Benchmarks¶
XAD is benchmarked against CppAD, Adept 2, autodiff, and finite differences on four quantitative-finance workloads.
All results, source code, and methodology are fully reproducible from the ad-benchmarks repository.
-O3 -mavx2 -mfma, 10K MC paths. Results¶
Gradient time measures the cost of computing all sensitivities in a single pass. The Primal column is the cost of evaluating the same workload once with plain double (no AD machinery), so the gap between Primal and each AAD library shows the recording-and-reverse-sweep overhead. FD (finite differences) scales as approximately (N + 1) x Primal.

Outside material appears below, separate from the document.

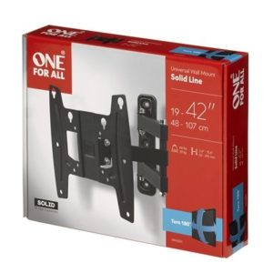 Ideal para una habitación o estancia que requiera una visualización de la TV desde cualquier punto. El soporte de pared ELBE SP-1342-A está diseñado para soportar una televisión entre 13’’ y 42”. Compatible VESA 50×50, 75×75, 100×100, 150×150 o 200×200, soporte articulado con un ángulo de giro de ±90° y una inclinación de hasta 10º para colocar en lugares elevados y así ofrecer una visibilidad total de la pantalla. Acabado en color negro. El soporte ELBE es capaz de soportar televisores de hasta 15 Kg de peso. Dispone de tornillos de sujeción y manual de instrucciones detallado para su montaje.

| # | Benchmark | Sensitivities | Primal | FD | XAD | XAD‑Codegen | CppAD | Adept | autodiff |
|---|---|---|---|---|---|---|---|---|---|
| 1 | Heston MC | 8 | 9.3 ms | 83 ms | 40 ms | 21 ms | 268 ms | 91 ms | DNF |
| 2 | SABR Calibration | 15 | 2.1 ms | 33 ms | 8.4 ms | 4.9 ms | 32 ms | 19 ms | 38 ms |
| 3 | XVA CVA | 40 | 591 ms | 24.1 s | 2.6 s | 0.57 s | 8.0 s | 7.1 s | DNF |
| 4 | LIBOR Swaption | 161 | 138 ms | 21.6 s | 1.00 s | 0.31 s | 4.57 s | 1.15 s | DNF |
Median of 10 measured iterations after warmup, reverse-mode for the AAD libraries.
Key Observations¶
-
Adjoint AD vs finite differences. FD scales O(N) with input count, so the gap widens from roughly 4x on Heston (8 inputs) to roughly 70x on LIBOR (161 inputs). FD is fine for spot checks but becomes the bottleneck once you need more than a handful of sensitivities.
-
Tape libraries cluster within an order of magnitude. XAD's tape mode is the fastest tape library on every benchmark, by margins of roughly 1.1x (LIBOR vs Adept) up to 2.3x (Heston vs Adept). CppAD is consistently slowest of the three on the MC benchmarks but stays within an order of magnitude.
-
XAD-Codegen compiles the recorded graph to AVX2 native code at runtime and is roughly 2x--5x faster than XAD's own tape mode on these benchmarks. See the JIT tutorial for how to use this feature.
-
autodiff completes only 1 of 4 benchmarks (SABR, using forward
dualmode). Forward mode is O(N) in input count and its alternativevarreverse mode does not scale to MC pricing or larger calibrations.
Benchmarked Libraries¶
| Library | Modes | Recording approach |
|---|---|---|
| XAD | Forward and Adjoint, higher-order | Tape-based; optional xad-codegen backend compiles the recorded graph to AVX2 native code |
| CppAD | Forward and Reverse, higher-order | Tape-based ADFun record/replay |
| Adept 2 | Forward and Reverse | Expression templates with stack recording |
| autodiff | Forward (dual) and Reverse (var) | Compile-time dual numbers / runtime expression tree |
All four libraries support both forward and reverse modes. The suite exercises reverse mode, the standard choice for many-inputs/one-output workloads such as risk and pricing.
Workloads¶
| Benchmark | Inputs | Description |
|---|---|---|
| Heston MC | 8 | Monte Carlo option pricing under the Heston stochastic-volatility model |
| SABR Calibration | 15 | SABR volatility surface calibration |
| XVA CVA | 40 | Credit Valuation Adjustment on a swap portfolio |
| LIBOR Swaption | 161 | LIBOR-based swaption portfolio pricing (adapted from Prof. Mike Giles) |
Methodology¶
- Identical compiler flags across libraries:
-O3 -mavx2 -mfma(GCC/Clang) or/O2 /arch:AVX2 /fp:fast(MSVC). - Idiomatic APIs. Each library uses its own recommended pattern -- no micro-optimisations applied to one library that wouldn't be applied to another.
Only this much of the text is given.